Please give back each line below unchanged; none of the pictures should appear.

-----

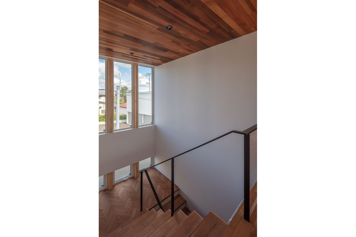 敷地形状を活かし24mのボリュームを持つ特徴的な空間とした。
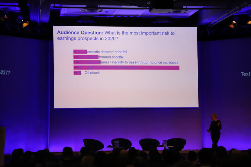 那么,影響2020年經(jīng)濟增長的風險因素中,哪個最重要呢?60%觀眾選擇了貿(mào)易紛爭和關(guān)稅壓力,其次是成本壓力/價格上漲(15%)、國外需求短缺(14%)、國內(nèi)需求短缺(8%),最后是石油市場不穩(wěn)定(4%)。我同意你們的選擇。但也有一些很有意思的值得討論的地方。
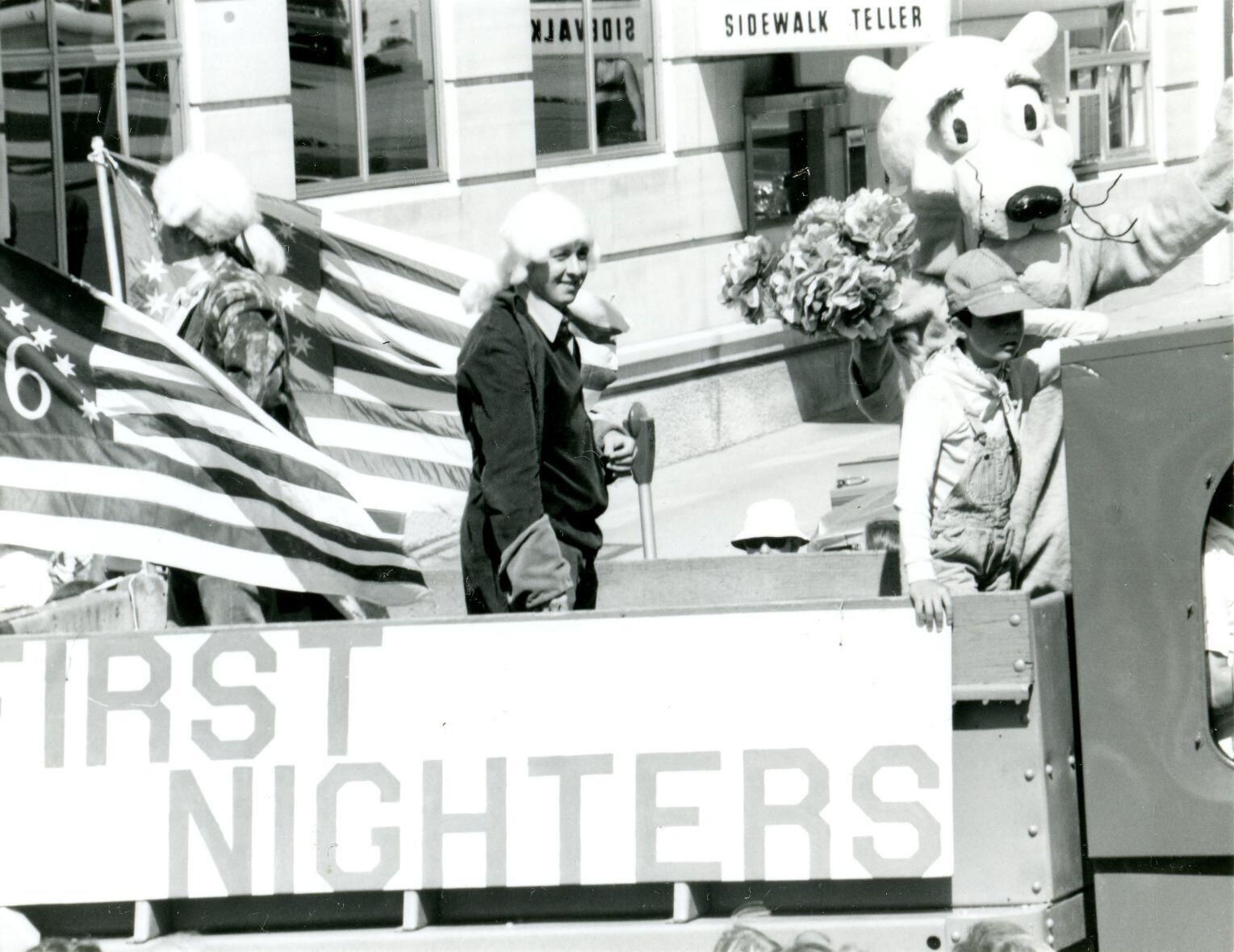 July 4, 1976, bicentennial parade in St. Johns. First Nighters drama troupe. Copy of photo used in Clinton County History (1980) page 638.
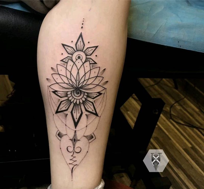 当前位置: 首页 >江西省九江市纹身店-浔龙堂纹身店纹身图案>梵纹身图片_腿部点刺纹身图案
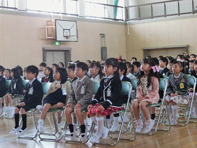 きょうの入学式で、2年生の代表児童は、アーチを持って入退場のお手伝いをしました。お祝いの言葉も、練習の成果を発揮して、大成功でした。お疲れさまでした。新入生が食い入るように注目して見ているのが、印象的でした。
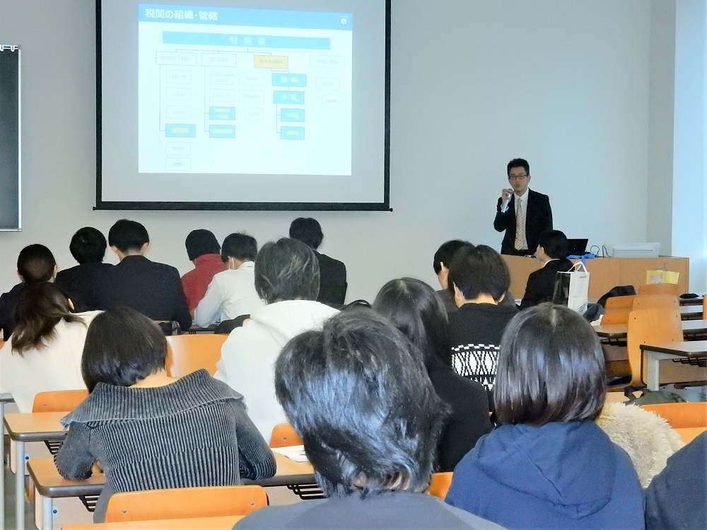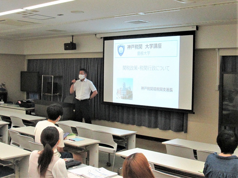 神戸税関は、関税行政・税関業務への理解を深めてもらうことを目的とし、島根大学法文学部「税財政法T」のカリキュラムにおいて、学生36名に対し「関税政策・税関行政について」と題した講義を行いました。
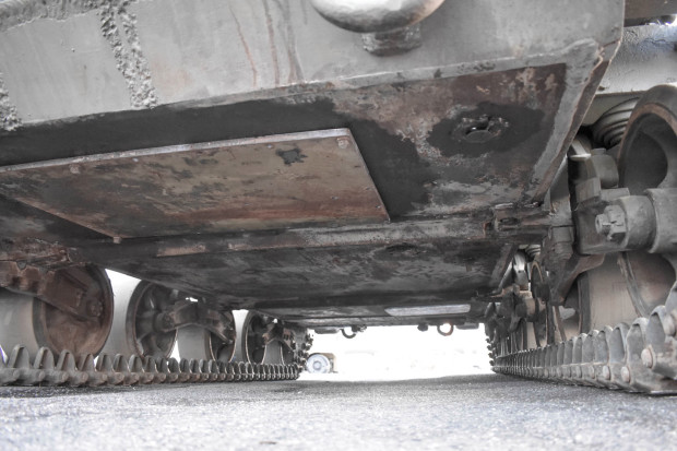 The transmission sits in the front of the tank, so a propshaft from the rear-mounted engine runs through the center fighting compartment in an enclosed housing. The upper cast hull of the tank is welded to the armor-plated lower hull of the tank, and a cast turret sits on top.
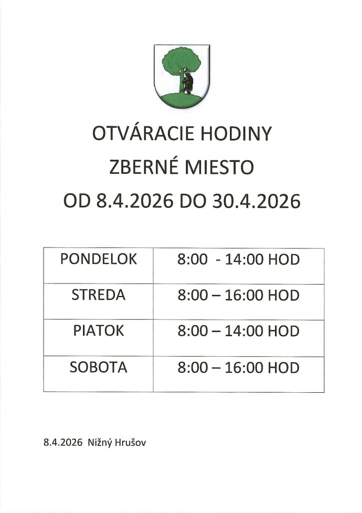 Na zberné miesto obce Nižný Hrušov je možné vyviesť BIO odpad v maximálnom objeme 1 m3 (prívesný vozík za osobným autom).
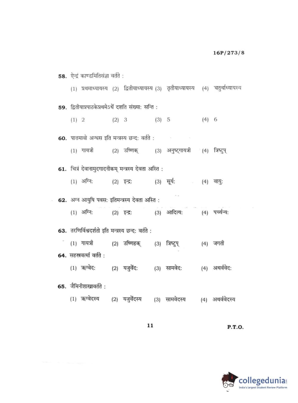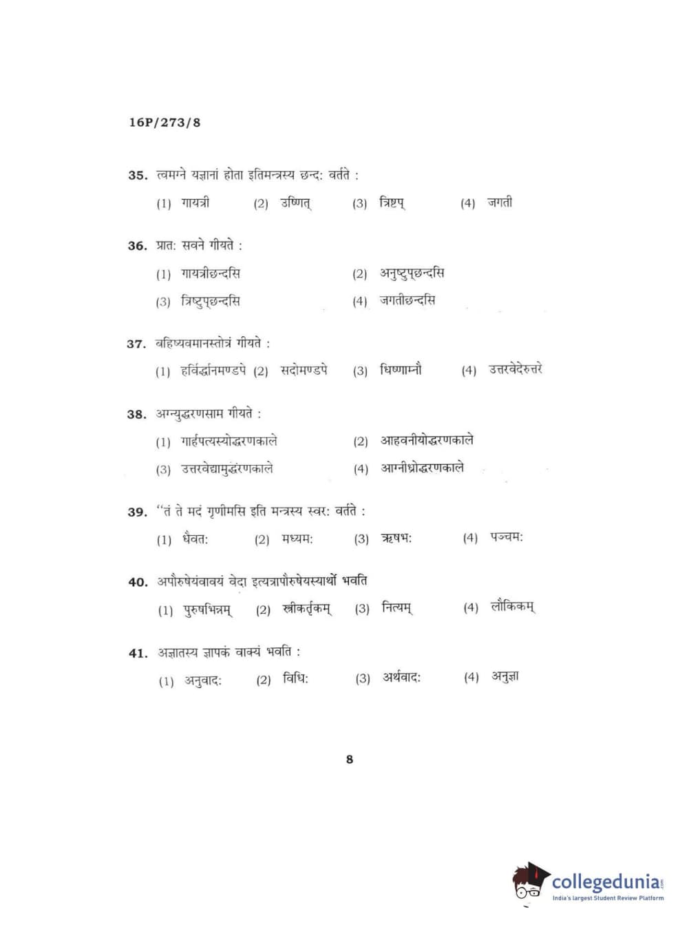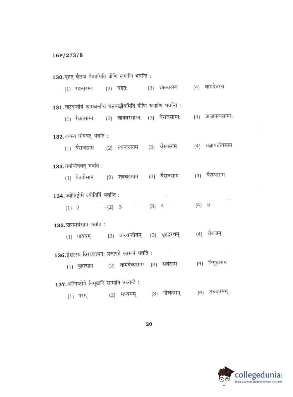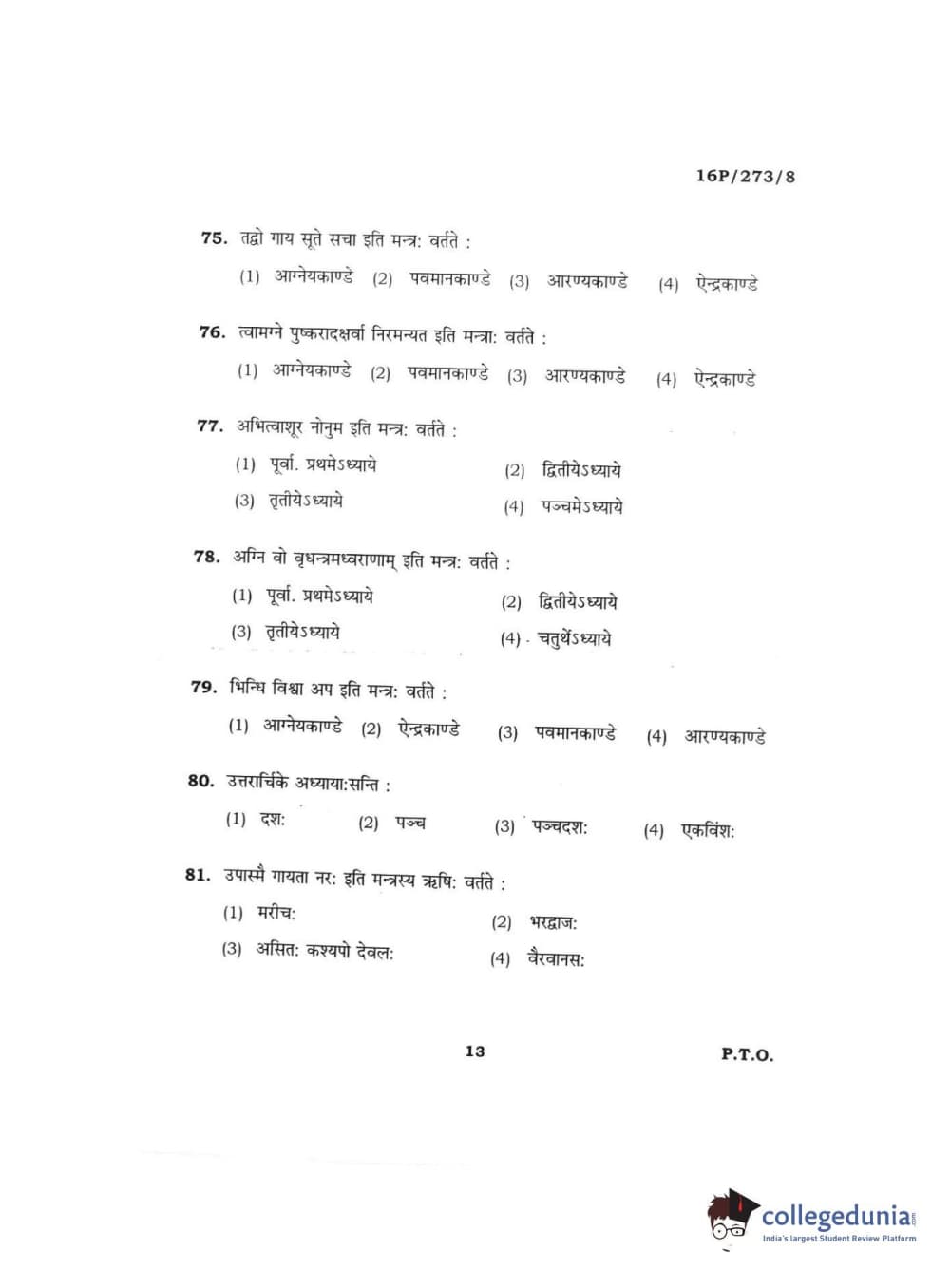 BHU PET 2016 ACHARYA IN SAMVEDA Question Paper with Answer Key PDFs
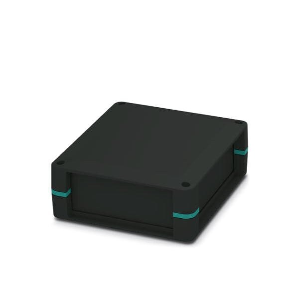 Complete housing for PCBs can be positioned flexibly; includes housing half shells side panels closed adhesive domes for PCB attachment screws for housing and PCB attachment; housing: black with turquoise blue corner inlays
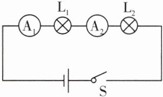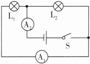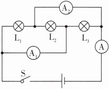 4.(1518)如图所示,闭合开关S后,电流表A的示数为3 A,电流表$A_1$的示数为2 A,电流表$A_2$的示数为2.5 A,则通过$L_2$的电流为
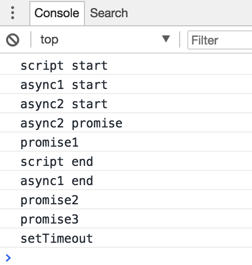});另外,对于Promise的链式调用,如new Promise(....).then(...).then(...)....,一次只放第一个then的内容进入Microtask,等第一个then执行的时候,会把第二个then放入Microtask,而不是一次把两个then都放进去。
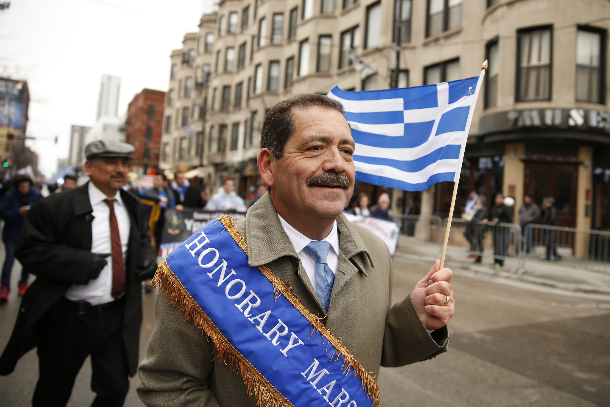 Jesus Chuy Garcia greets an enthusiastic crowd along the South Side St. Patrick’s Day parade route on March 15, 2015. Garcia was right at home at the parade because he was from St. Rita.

-----

▶ [ANSWER TO THE PROBLEM]
 敷地形状を活かし24mのボリュームを持つ特徴的な空間とした。
 那么,影響2020年經(jīng)濟增長的風險因素中,哪個最重要呢?60%觀眾選擇了貿(mào)易紛爭和關(guān)稅壓力,其次是成本壓力/價格上漲(15%)、國外需求短缺(14%)、國內(nèi)需求短缺(8%),最后是石油市場不穩(wěn)定(4%)。我同意你們的選擇。但也有一些很有意思的值得討論的地方。
 July 4, 1976, bicentennial parade in St. Johns. First Nighters drama troupe. Copy of photo used in Clinton County History (1980) page 638.
 当前位置: 首页 >江西省九江市纹身店-浔龙堂纹身店纹身图案>梵纹身图片_腿部点刺纹身图案
 きょうの入学式で、2年生の代表児童は、アーチを持って入退場のお手伝いをしました。お祝いの言葉も、練習の成果を発揮して、大成功でした。お疲れさまでした。新入生が食い入るように注目して見ているのが、印象的でした。
 神戸税関は、関税行政・税関業務への理解を深めてもらうことを目的とし、島根大学法文学部「税財政法T」のカリキュラムにおいて、学生36名に対し「関税政策・税関行政について」と題した講義を行いました。
 The transmission sits in the front of the tank, so a propshaft from the rear-mounted engine runs through the center fighting compartment in an enclosed housing. The upper cast hull of the tank is welded to the armor-plated lower hull of the tank, and a cast turret sits on top.
 Na zberné miesto obce Nižný Hrušov je možné vyviesť BIO odpad v maximálnom objeme 1 m3 (prívesný vozík za osobným autom).
 BHU PET 2016 ACHARYA IN SAMVEDA Question Paper with Answer Key PDFs
 Complete housing for PCBs can be positioned flexibly; includes housing half shells side panels closed adhesive domes for PCB attachment screws for housing and PCB attachment; housing: black with turquoise blue corner inlays
 4.(1518)如图所示,闭合开关S后,电流表A的示数为3 A,电流表$A_1$的示数为2 A,电流表$A_2$的示数为2.5 A,则通过$L_2$的电流为
});另外,对于Promise的链式调用,如new Promise(....).then(...).then(...)....,一次只放第一个then的内容进入Microtask,等第一个then执行的时候,会把第二个then放入Microtask,而不是一次把两个then都放进去。
 Jesus Chuy Garcia greets an enthusiastic crowd along the South Side St. Patrick’s Day parade route on March 15, 2015. Garcia was right at home at the parade because he was from St. Rita.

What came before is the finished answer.